---------- INFORMATION

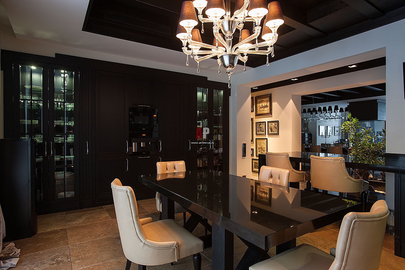 Гостиная, столовая, кухня решены в едином пространстве. Интерьер выглядит строго за счет использования мебели из темного венге. Светильники, Brand van Egmond.
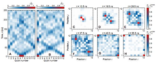实验分别展示了单粒子激发和双粒子激发量子行走,单粒子激发利用了器件中的11个量子比特,先将所有的量子比特初始化到基态,激发其中一个量子比特,分别选择两端的量子比特或中间即第6个量子比特,进行时间演化并进行单发(single shot)测量。对双粒子激发量子行走,用全部12个量子比特,选择中间两个量子比特即第6,7量子比特或者两端的量子比特进行激发,同样进行时间演化和测量。
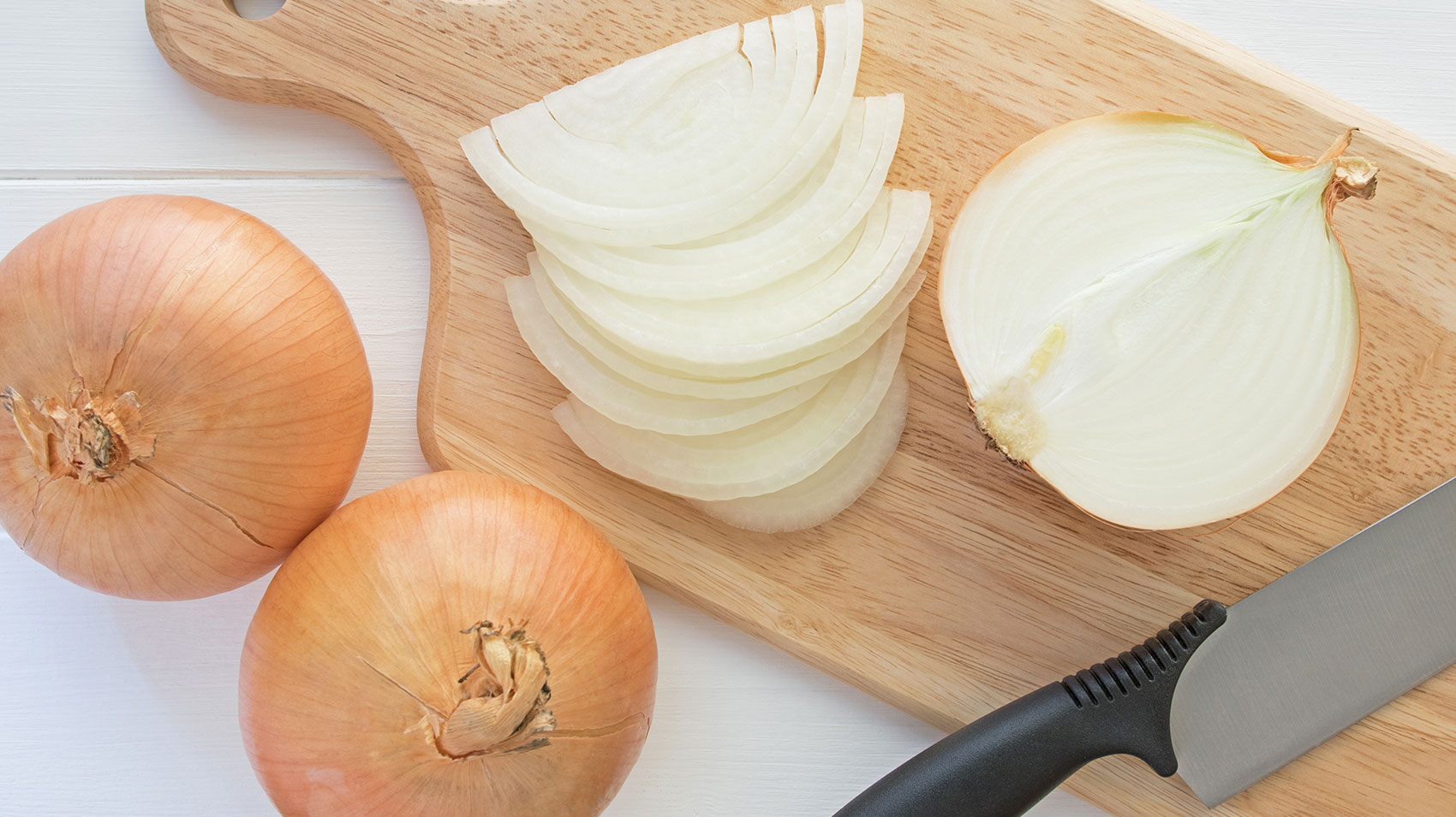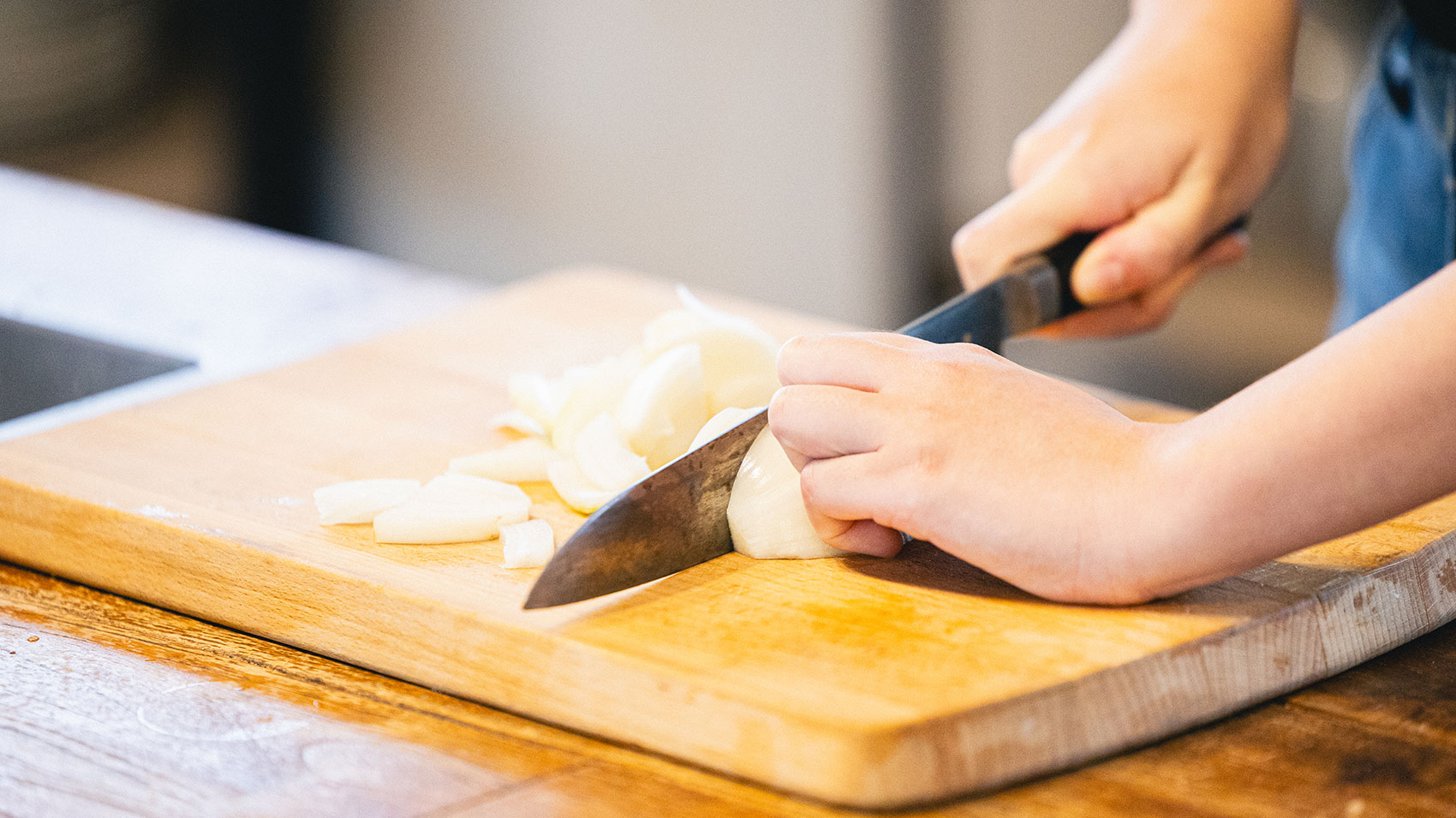 それでは、次は玉ねぎを切っていきますよ!今回は、玉ねぎとかつお節がメインの具材で、玉ねぎの食感も残したいので、まず繊維を断つように玉ねぎを半分に切り、そのあと、繊維に沿って同じ幅のサイズ感で切っていきます。
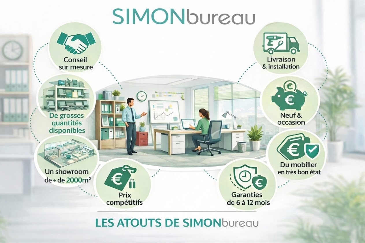 Simon Bureau est la solution idéale pour les organisations comme les entreprises, les collectivités et les administrations qui cherchent à s'équiper de mobilier en grosse quantité, en occasion haut de gamme ou neuf/fin de série tout en intégrant une logique de côut optimisé.
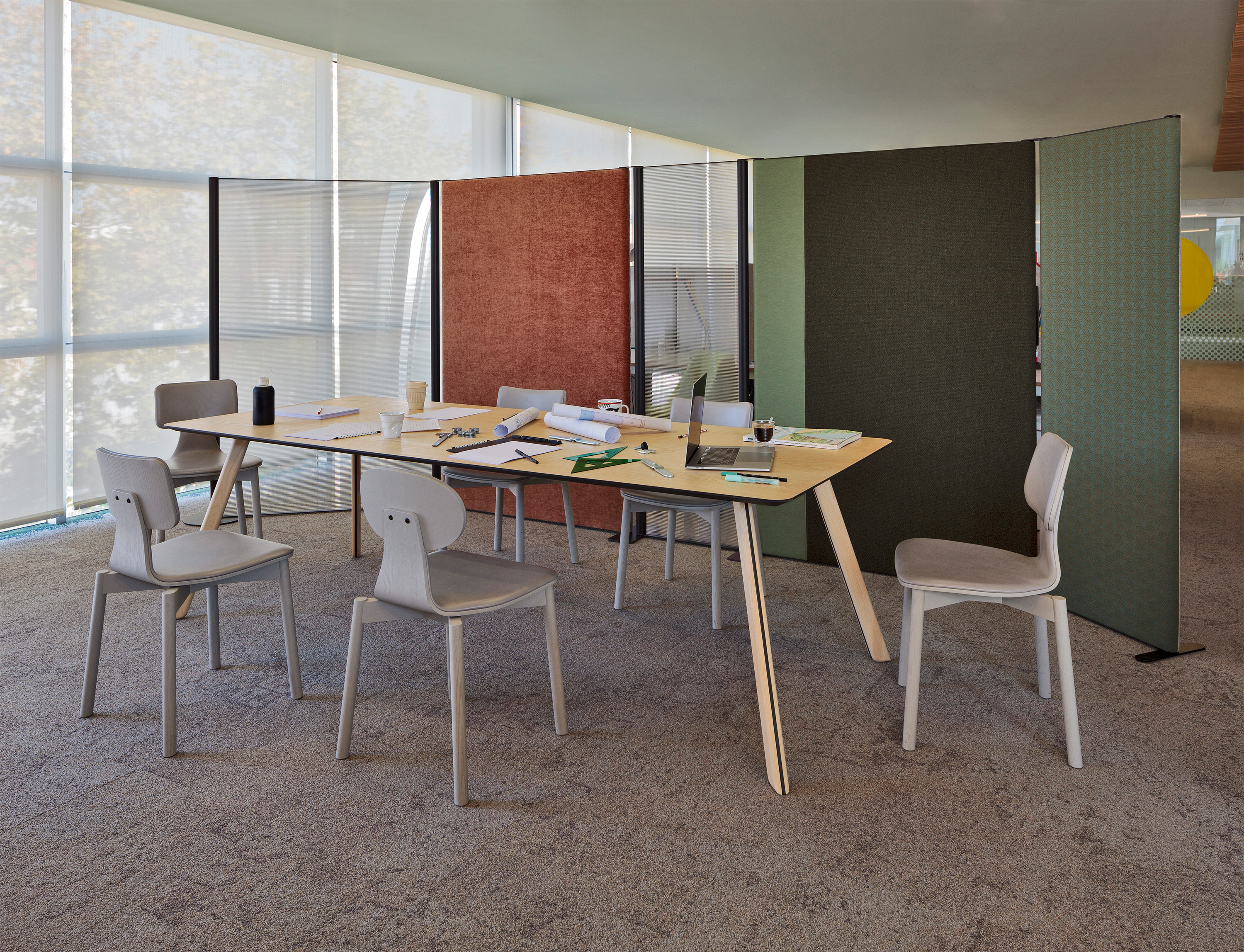 Silla40 is therefore an eclectic piece. It combines an upholstered seat and backrest with an ash base.
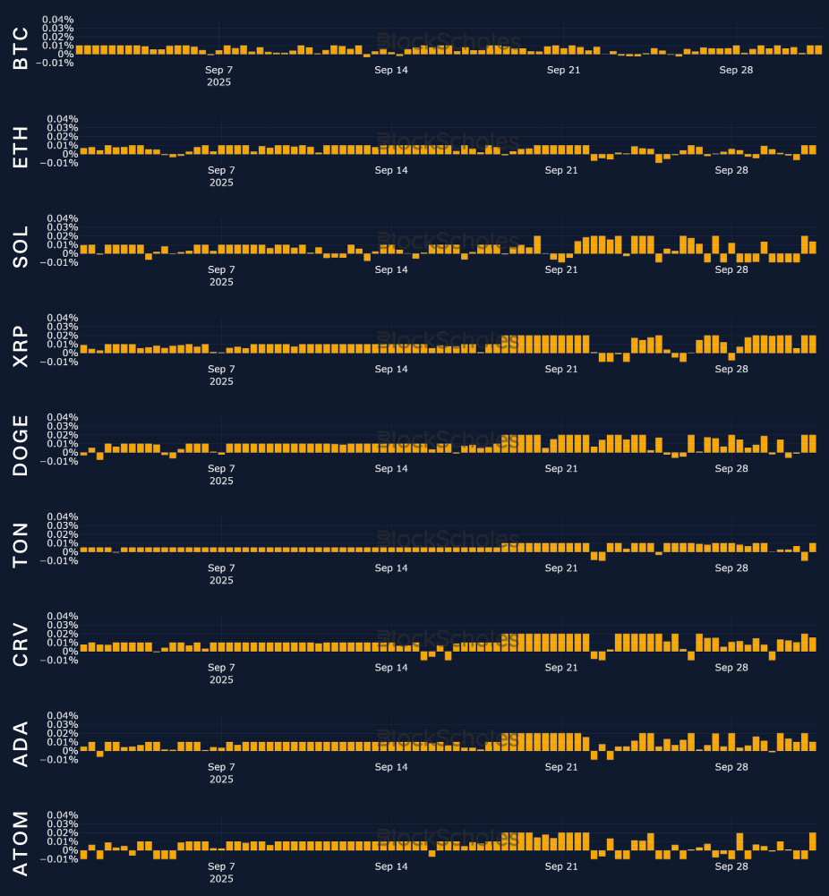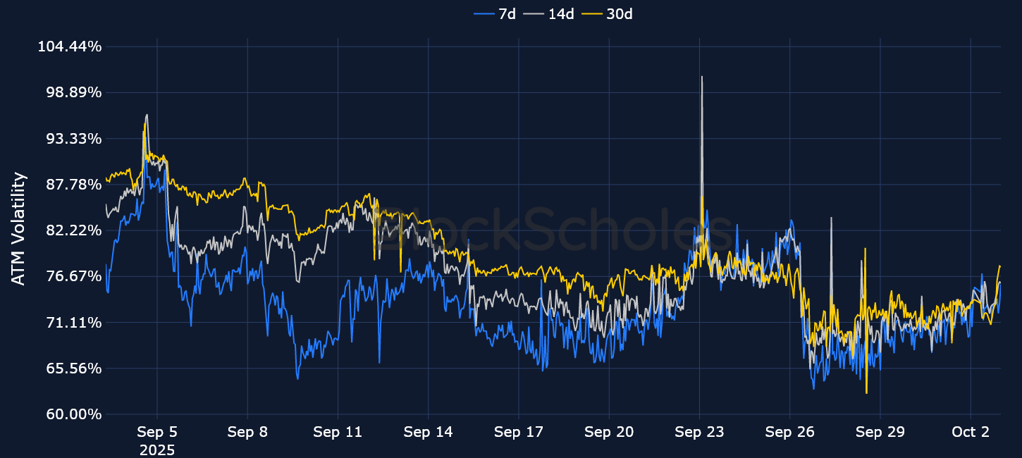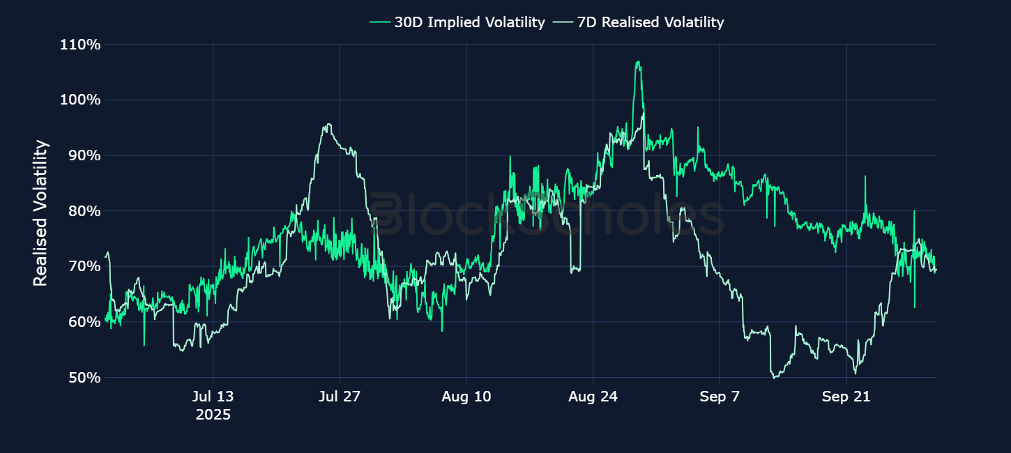 The large divergence between SOL’s realized volatility and implied volatility in the middle of September has now been resolved, with both measures registering at around 70%. Alongside BTC and the wider crypto market, SOL’s spot price rallied in the first half of the month, reaching a monthly high of $250. This was also bolstered by bullish announcements from digital asset treasury companies venturing into the token to form treasury reserves — something that was initially limited to just BTC and ETH. Most of those gains, however, have been lost through the second half of September, as SOL’s spot price fell to a low of $192.
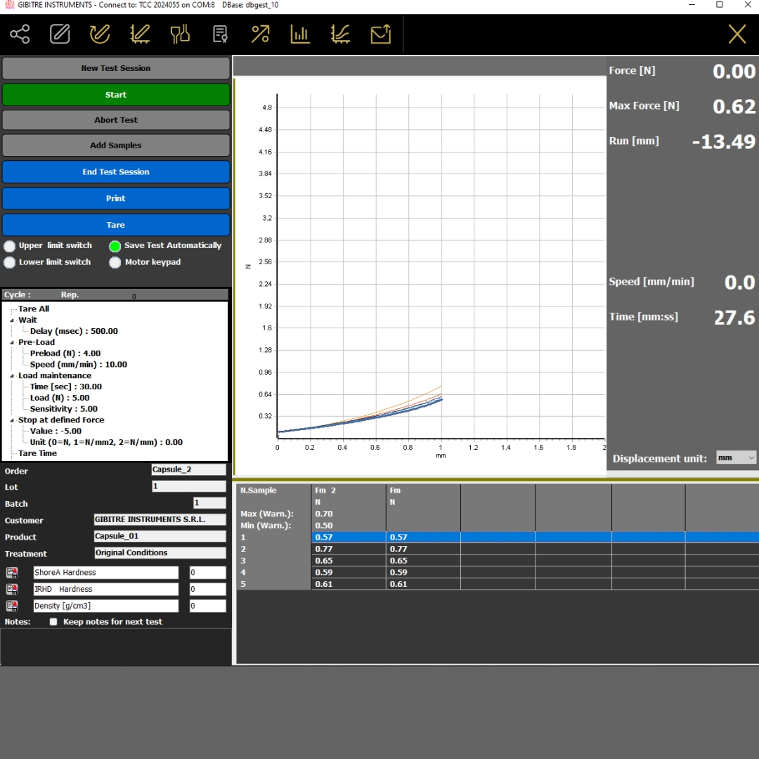 The results and test curves of all the tests carried out are saved in the Gibitre SQL database and are available through the Datagest program.
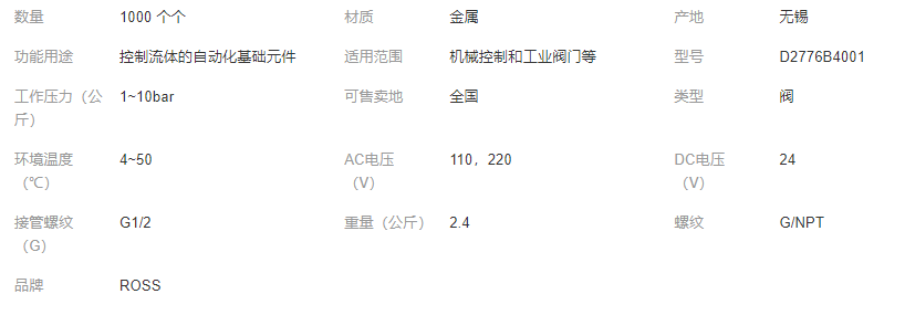 批发美国原装ROSS阀D2776B4001W/Y/Z两位四通阀 G1/2 24VDC
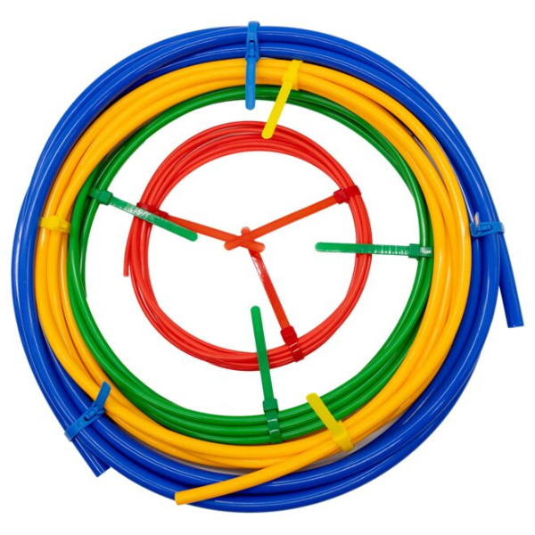 czerwony: 1/4", 4 mm; zielony: 3/8", 7 mm; żółty: 3/8", 7 mm; niebieski: 5/8", 12 mm |
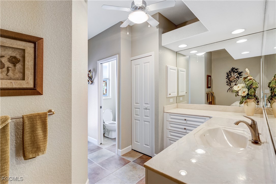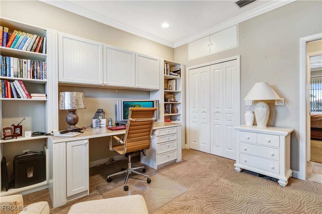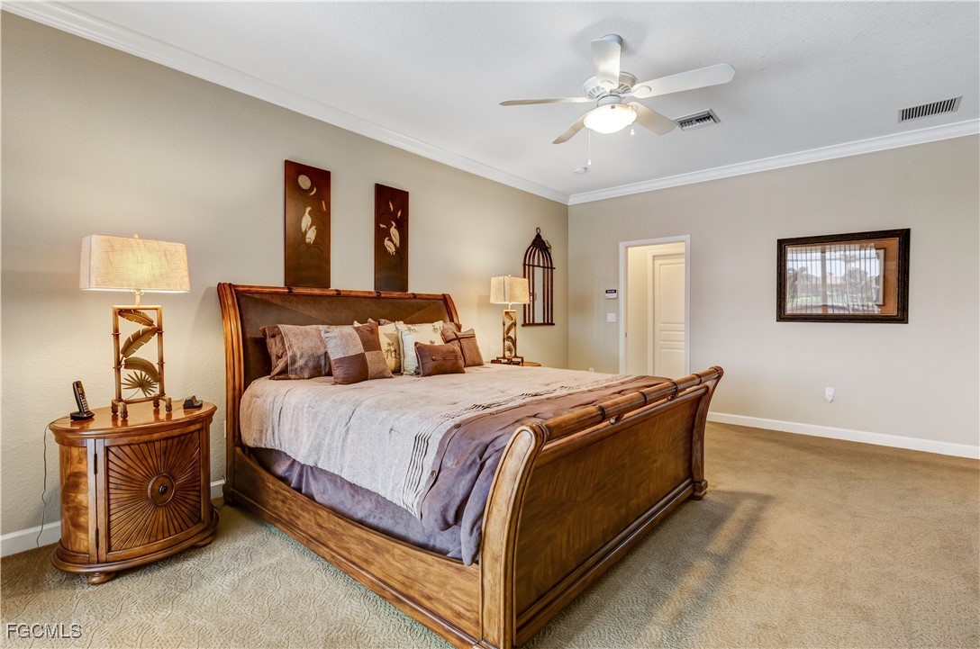 The spacious master suite is a true retreat, featuring a massive walk-in closet with custom built-in shelving.

--------------------

**PROBLEM STATEMENT**
Exactly the lines from the one with "The large divergence" through the end of the listing above are to be repeated, with no pictures.

**REPLY TO THE EXERCISE**
 The large divergence between SOL’s realized volatility and implied volatility in the middle of September has now been resolved, with both measures registering at around 70%. Alongside BTC and the wider crypto market, SOL’s spot price rallied in the first half of the month, reaching a monthly high of $250. This was also bolstered by bullish announcements from digital asset treasury companies venturing into the token to form treasury reserves — something that was initially limited to just BTC and ETH. Most of those gains, however, have been lost through the second half of September, as SOL’s spot price fell to a low of $192.
 The results and test curves of all the tests carried out are saved in the Gibitre SQL database and are available through the Datagest program.
 批发美国原装ROSS阀D2776B4001W/Y/Z两位四通阀 G1/2 24VDC
 czerwony: 1/4", 4 mm; zielony: 3/8", 7 mm; żółty: 3/8", 7 mm; niebieski: 5/8", 12 mm |
 The spacious master suite is a true retreat, featuring a massive walk-in closet with custom built-in shelving.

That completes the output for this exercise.